Latest updated: June 14, 2024

Abstract

Using ic-SECM the probe to sample distance can be maintained over large areas making it useful for not only removing the influence of sample tilt, but also for measuring samples with major topographic features for example curved samples or embossed samples. This application note aims to demonstrate the use and the efficiency of the ic technique in the measurement of 4 different samples: two curved samples, one sample with large topographic changes and a 20 cent Euro coin.

Introduction

ic-SECM is a relatively recent technique developed at the University of Warwick which allows the topography of a sample to be tracked during an SECM measurement. [1] Using ic-SECM the probe to sample distance can be maintained over large areas making it useful for not only removing the influence of sample tilt, but also for measuring samples with major topographic features. The M470 allows the user to implement the ic technique in both dc- and ac-SECM measurements. This application note aims to demonstrate the use of the ic technique in the measurement of samples with major topographic features. This is demonstrated using four samples: (1) a concave sample, (2) a convex sample, (3) a steel weld, and (4) a 20 cent Euro coin.

Why use ic Techniques?

ic-SECM allows the UME probe to maintain a constant distance to the sample allowing the simultaneous measurement of the electrochemical and topographic signals. In traditional SECM measurements the probe is held at a constant height throughout the measurement resulting in an electrochemical signal which is a mixture of the electrochemical and topographic characteristics of the sample. By maintaining a constant distance from the sample ic-SECM allows for separate measurements of the topographic and electrochemical signals, without the influence of one on the other. This can be demonstrated, for example, with an ideal homogeneously insulating sample. When measured through constant height SECM techniques the measurement will result in a current of a larger magnitude being recorded at lower topographic regions than areas with high topography, Fig. 1a. On the other hand if ic-SECM is used the probe will maintain its distance to the sample throughout the measurement, resulting in a current of uniform magnitude throughout, Fig. 1b.

When constant height SECM is used to measure a uniformly insulating sample the current (yellow arrows) is lower for higher topography regions. (b) When constant distance SECM is used to measure a uniformly insulating sample the current is uniform throughout the measurement.
Figure 1: (a) When constant height SECM is used to measure a uniformly insulating sample the current (yellow arrows) is lower for higher topography regions. (b) When constant distance SECM is used to measure a uniformly insulating sample the current is uniform throughout the measurement.
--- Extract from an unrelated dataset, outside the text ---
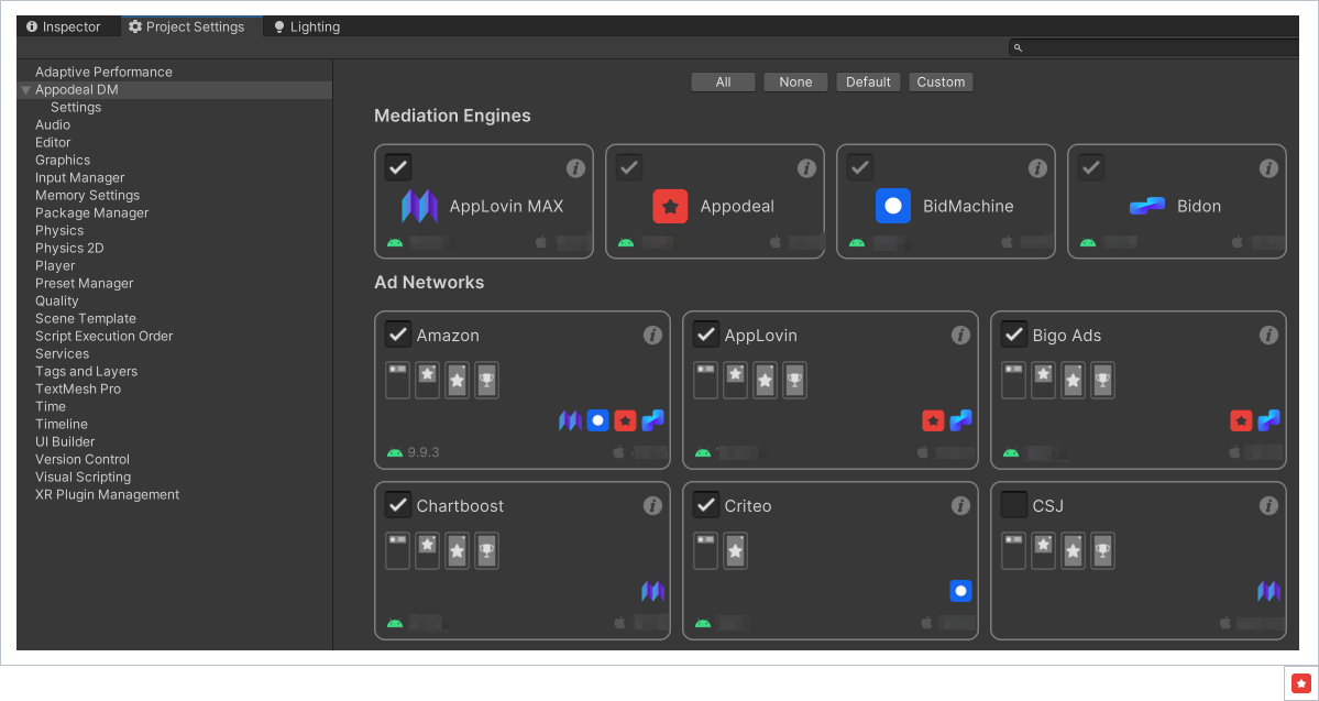 This section displays the available mediations inside Appodeal SDK. The versions for each platform are displayed at the bottom of each mediation.

In ic-SECM the probe vibrates at a known height and frequency in z. As the SECM probe approaches a surface this frequency is damped allowing it to be used as a control mechanism. ic-SECM is only one of a variety of SECM techniques developed to separate the electrochemical and topographic signals. However, as it controls to the surface using z vibration it can be used over larger areas of samples, without the requirement that the samples are homogeneously conducting or insulating. This is highly advantageous for measuring samples with large topographical features, and/or noticeable tilt.
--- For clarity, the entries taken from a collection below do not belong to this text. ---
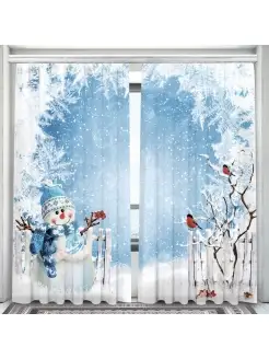 Фотошторы, занавески в комнату Милый снеговик 290*260
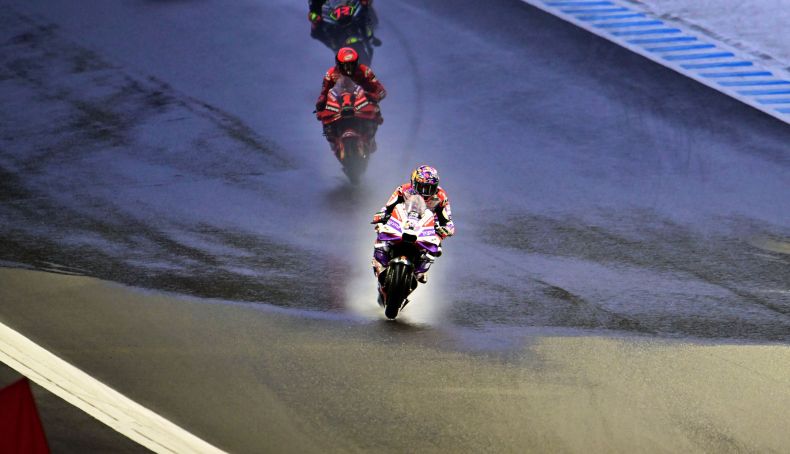 Y, si faltaba alguna prueba de que Jorge Martín ha entrado en fase de flujo, el cielo se encargó de disipar cualquier atisbo de duda cuando empezó a descargar su líquido elemento en el momento exacto para implantar el caos más absoluto en MotoGP; generando una situación un tanto dantesca en la que casi todos los pilotos entraron a cambiar de moto antes de completar la primera vuelta.
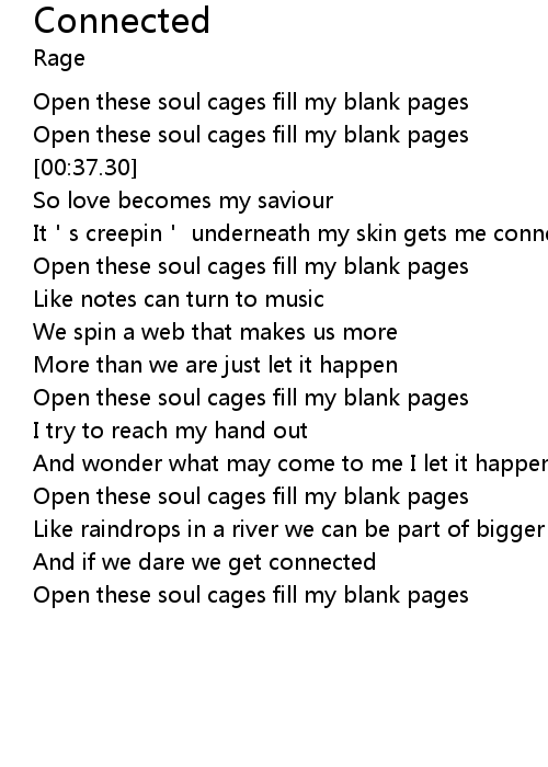 | [00:20.39] | Open these soul cages fill my blank pages |
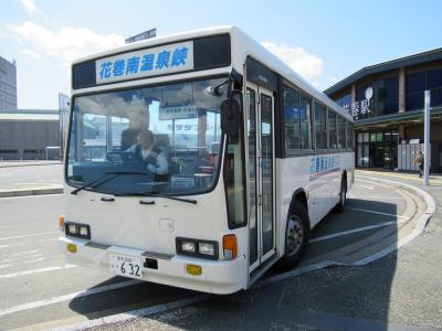 チェックアウトの朝に花巻南温泉郷のシャトルバスが山水閣のロビー前から出ます。

Further information on the ic-SECM techniques can be found in the ic-SECM tutorial [2] and AN#6, 11 and 13 [3-5].

Results

The use of the ic technique to measure samples with large topographic features is demonstrated using a variety of samples. ic-dc-SECM has been used to measure a convex and concave sample, and a steel weld, while ic-ac-SECM has been used to measure a 20 cent Euro coin. 2D maps were produced with data correction performed in Gwyddion. 3D-IsoPlot was used to produce all 3D maps presented.

Convex Sample

A convex portion of aluminium rod was measured by ic-SECM. The arrow indicates a blemish on the surface which affects the measurement.
Figure 2: A convex portion of aluminium rod was measured by ic-SECM. The arrow indicates a blemish on the surface which affects the measurement.

A 3.0 mm x 2.85 mm area of an aluminium rod, Fig. 2, was measured in a 5 x 10-3 mol/L KI/ 0.1 mol/L KCl solution. A 25 µm Pt UME biased at 0.6 V vs SCE was used. The probe was vibrated in z at 415 Hz. A control point of 75 % of the original vibration was used. The resulting topography and dc-current 2D maps are shown in Fig. 3.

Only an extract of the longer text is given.